Celebrity chef Rachel Green will host this year’s Re:fresh Conference on May 8, and is excited about playing a central role in the industry’s attempt to strike a balance between the perceptions and reality of organic and conventional produce.
“I am from a farming background and look forward very much to debating one of the key topics of this era in British farming with a knowledgeable trade audience,” she said.
“I think it will be very interesting to see what results the Re:fresh consumer and trade surveys throw up. In my experience, people are often not given credit for knowing as much as they do about food, so the comparison between the perceptions of the consumer and the industry that provides them with their food will give us a valuable insight into the issues that will undoubtedly dominate the debate I am chairing.”
Consumers are not necessarily armed with the right information to make an educated choice of which fruit and vegetables to buy, said Green. “If people want to buy organic fruit and vegetables, then obviously that’s fine, but it does trouble me that for whatever reason, they may believe that conventionally grown produce is in some way inferior, or unsafe,” she added.
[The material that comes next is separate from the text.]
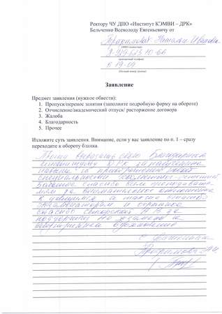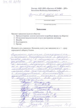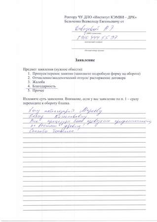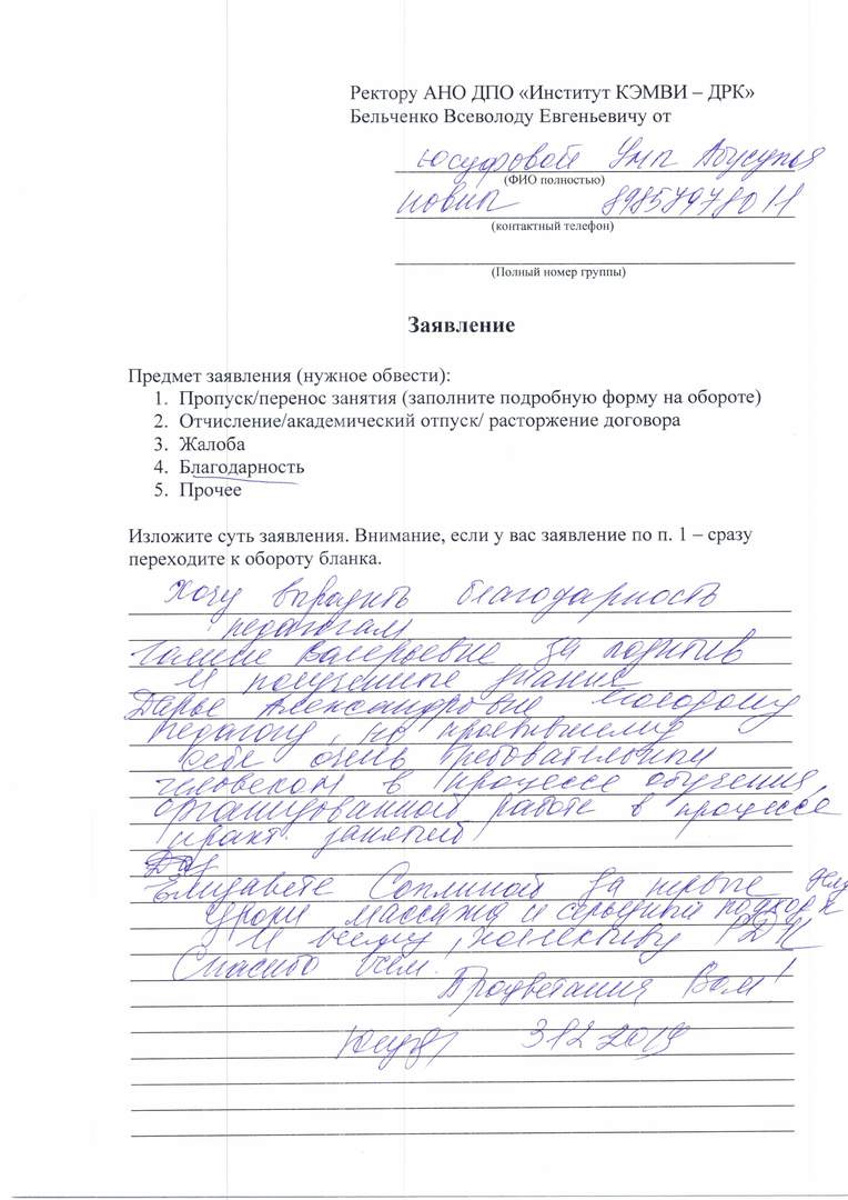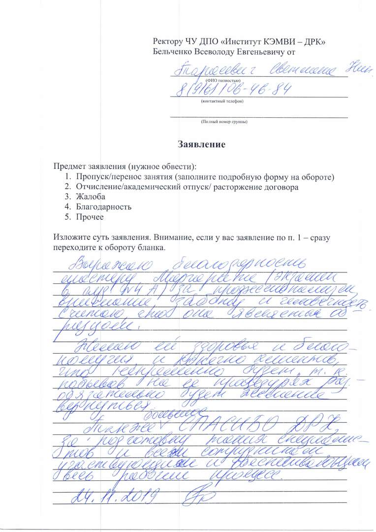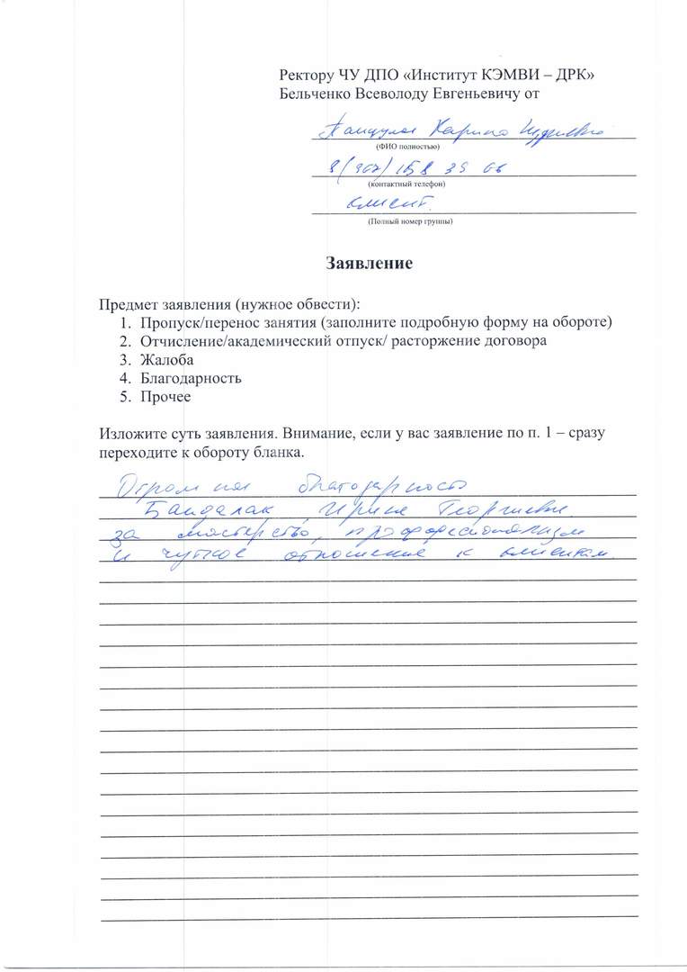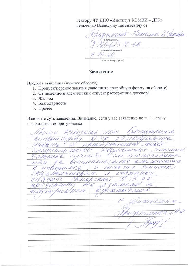 Прошу вас выразить благодарность преподавателю Шевяховой Екатерине Петровне за её высококвалифицированные навыки практически во всех областях косметологии. За её чуткость, внимание не только к каждому студенту, но и к каждой модели. Не существует ни одной процедуры в ДРК, где бы она не оправдала свои знания и индивидуальных подход. Спасибо ей за её теплые и сильные (в меру) руки, за доброту и внимание, которыми она окутывает каждого клиента (модель).

“I think consumers are confused about organic messages. How do you square the issue of something being grown locally, maybe a couple of miles away, but conventionally, with something that is grown on the other side of the world, but organically? Equally, are those organic standards on the other side of the world the same as ours in Britain?”
As for her own approach, Green added: “I am very even-handed about it,” she said. “For me, as a chef, it’s a question of quality and flavour. I have friends who farm fantastically good-quality organic produce, and friends who, similarly, farm amazing conventionally farmed produce.”